What is being asked: Skip all pictures. Set down only the lines starting at the line containing "- Chambre meublée" and running to the end of the listing.

== Data for review

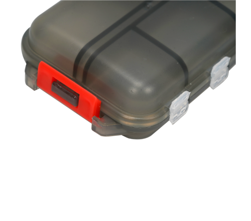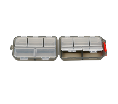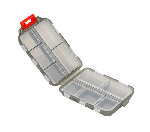 Handig pillendoosje van MultiMotion met 10 vakjes en transparante dekseltjes. Compact reismodel van donkergrijs kunststof met rood clipje, ideaal voor onderweg.
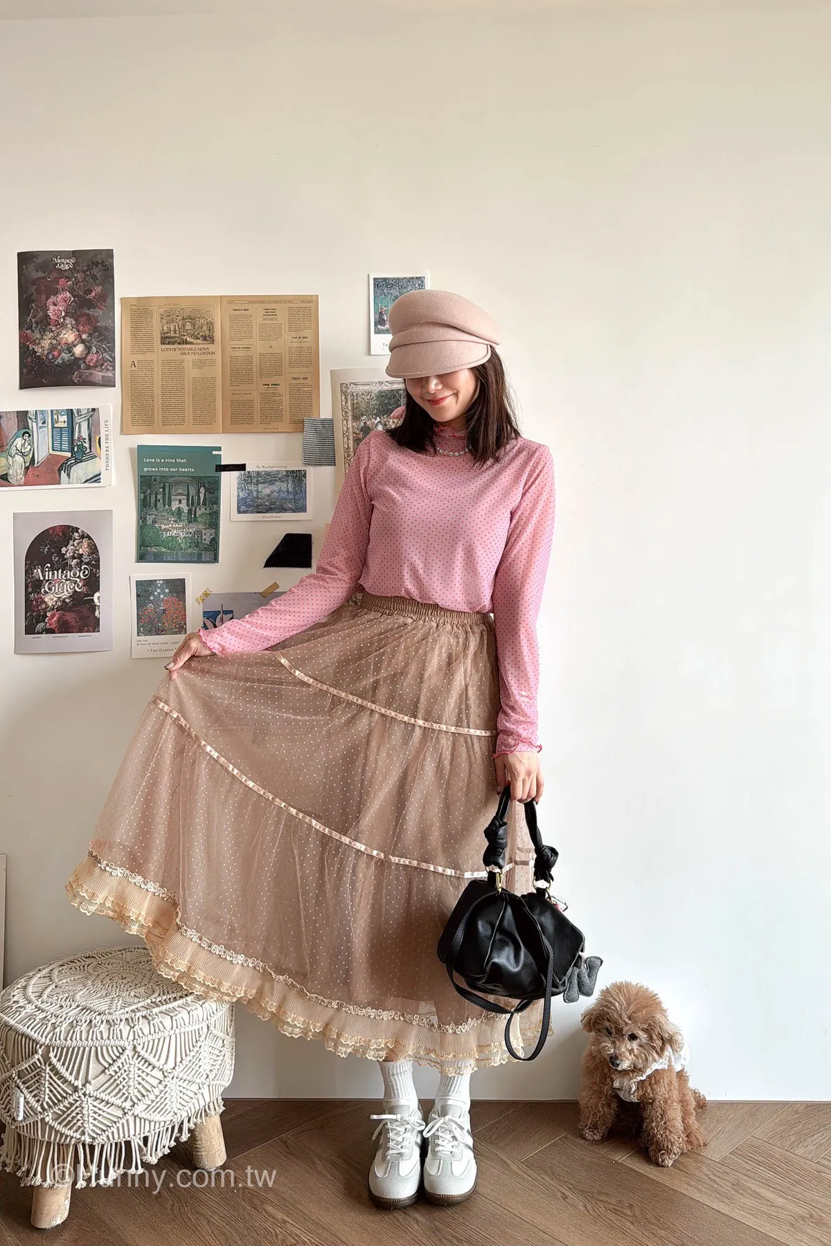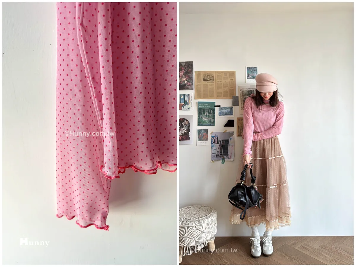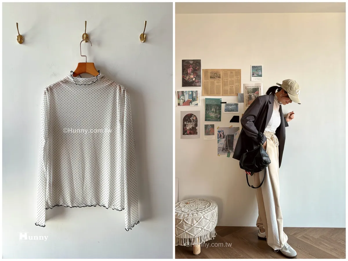 非常推薦這件可愛的點點捲邊透膚T(ノ>ω<)ノ
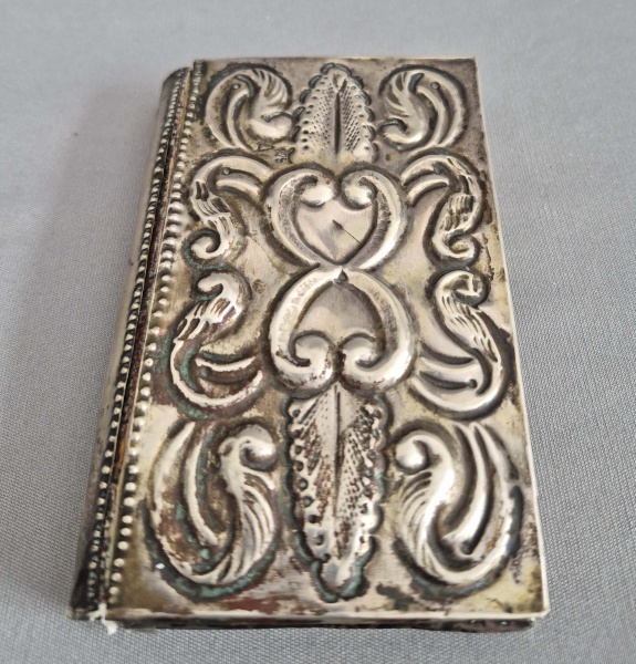 • Antigo missal peruano, datado de 1935 , com capa rvestida em Prata de lei 925 contratada. Med. 11 x 07 cm. No estado.
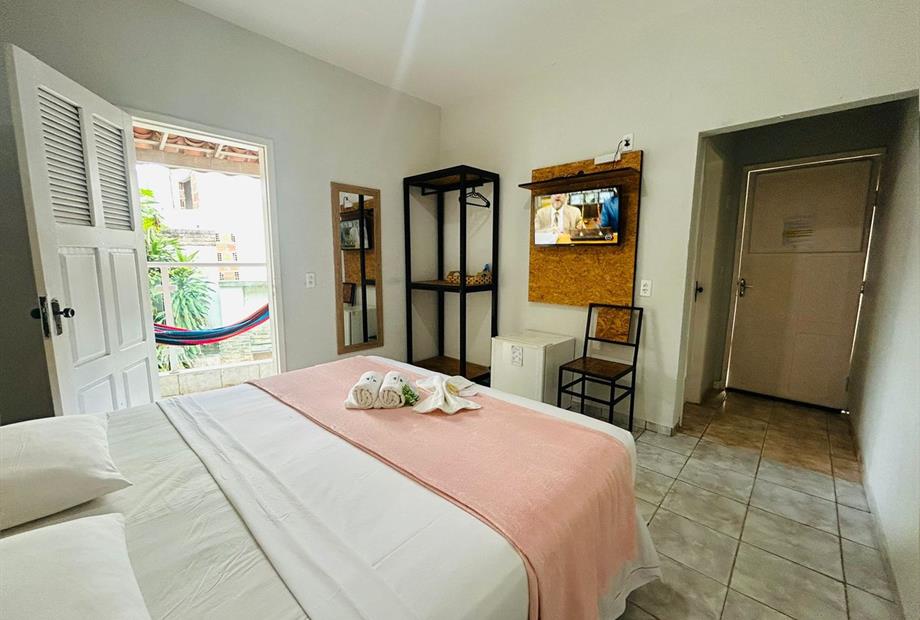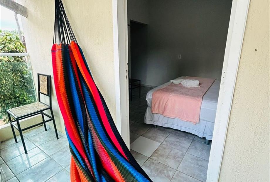 Acomodação ideal para casais ou solteiros que buscam conforto e praticidade durante a estadia, com café da manhã incluso e uma rede na varanda com vista para a rua tranquila, perfeita para relaxar após os passeios.
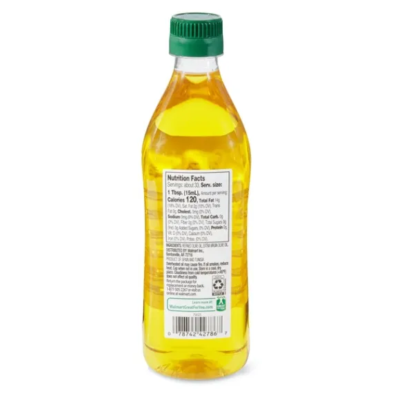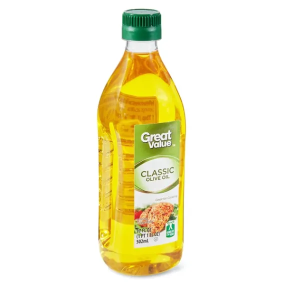Details Ingredients OLIVE OIL. Product features Great Value Classic Olive Oil is a great addition to any scrumptious meal or cooking situation both at home or in a professional kitchen. This bottle has a screw on top that will allow for you to easily come back to use this at a different point in time if needed. Olive oil goes great on top of salad or used to cook different meats to help prevent sticking to the pan. The taste will be light and delicious, and will go great with Italian American Cuisine dishes such as pasta. Be prepared for the next eloquently succulent meal you make with Great Value Classic Olive Oil. Great Value products provide families with affordable, high quality grocery and household consumable options. With our wide range of product categories spanning grocery and household consumables, we offer you a variety of products for your family's needs. Our products are conveniently available online and in Walmart stores nationwide, allowing you to stock up and save money at the same time Great Value Classic Olive Oil, 17 fl oz Shelf stable Works as a dressing or in a pan Goes great with pasta Great in marinades Great Quality, Great Price, Guaranteed. Special Features 0G trans fat per serving Net Quantity of Content ABOUT 33 X 1 Tbsp
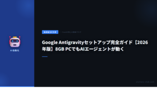 5Google Antigravityセットアップ完全ガイド【2026年版】8GB PCでもAIエージェントが動く Google Antigravityのインストールから初期設定、Discord/Slack連携、BAN対策まで完全解説。8GBの低スペックPCでもAIエージェントが使える環境を構築する方法を紹介します。 2026.03.115
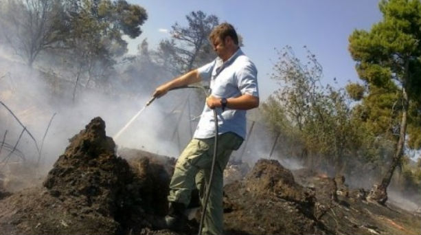 Μόλις, ενημερώθηκε ότι ξέσπασε φωτιά στον Αη Γιάννη Στυλίδας έσπευσε με τη μηχανή του, στην περιοχή και κάλεσε ταυτόχρονα υδροφόρες και μηχανήματα του δήμου.
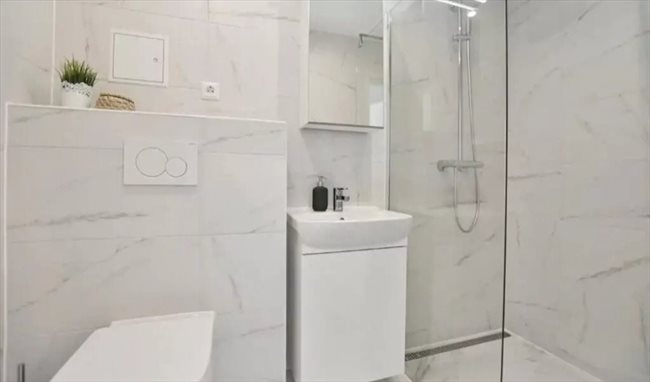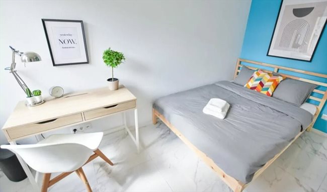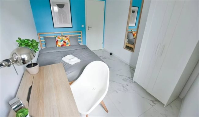 - Chambre meublée (lit double, armoire, bureau, chaise) dans un appartement moderne et entièrement équipé de 3 chambres au total. Les deux autres chambres sont occupées par deux jeunes professionnels.
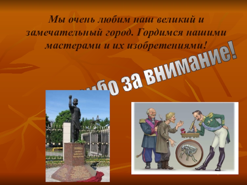 Мы очень любим наш великий и замечательный город. Гордимся нашими мастерами и их изобретениями!Спасибо за внимание!
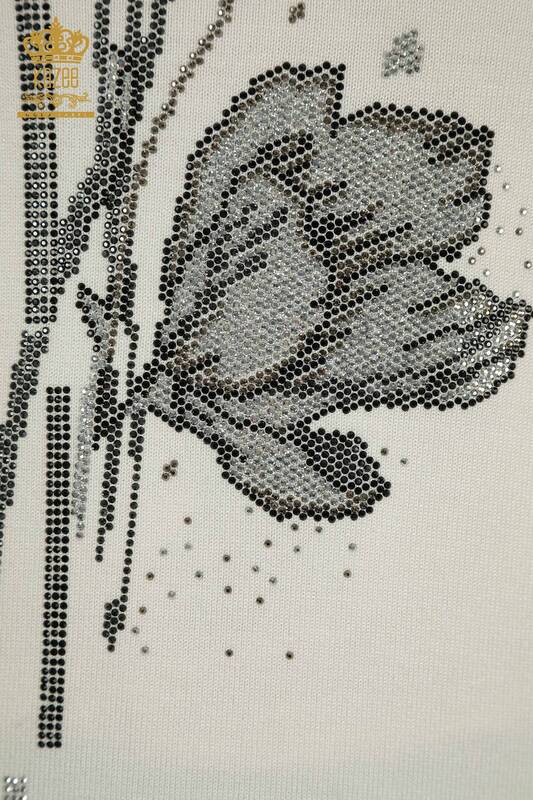 Pulover de tricotaje pentru femei cu ridicata - Floral Motiv - Ecru - 30656 | KAZEE

====

Response to the exercise:
 - Chambre meublée (lit double, armoire, bureau, chaise) dans un appartement moderne et entièrement équipé de 3 chambres au total. Les deux autres chambres sont occupées par deux jeunes professionnels.
 Мы очень любим наш великий и замечательный город. Гордимся нашими мастерами и их изобретениями!Спасибо за внимание!
 Pulover de tricotaje pentru femei cu ridicata - Floral Motiv - Ecru - 30656 | KAZEE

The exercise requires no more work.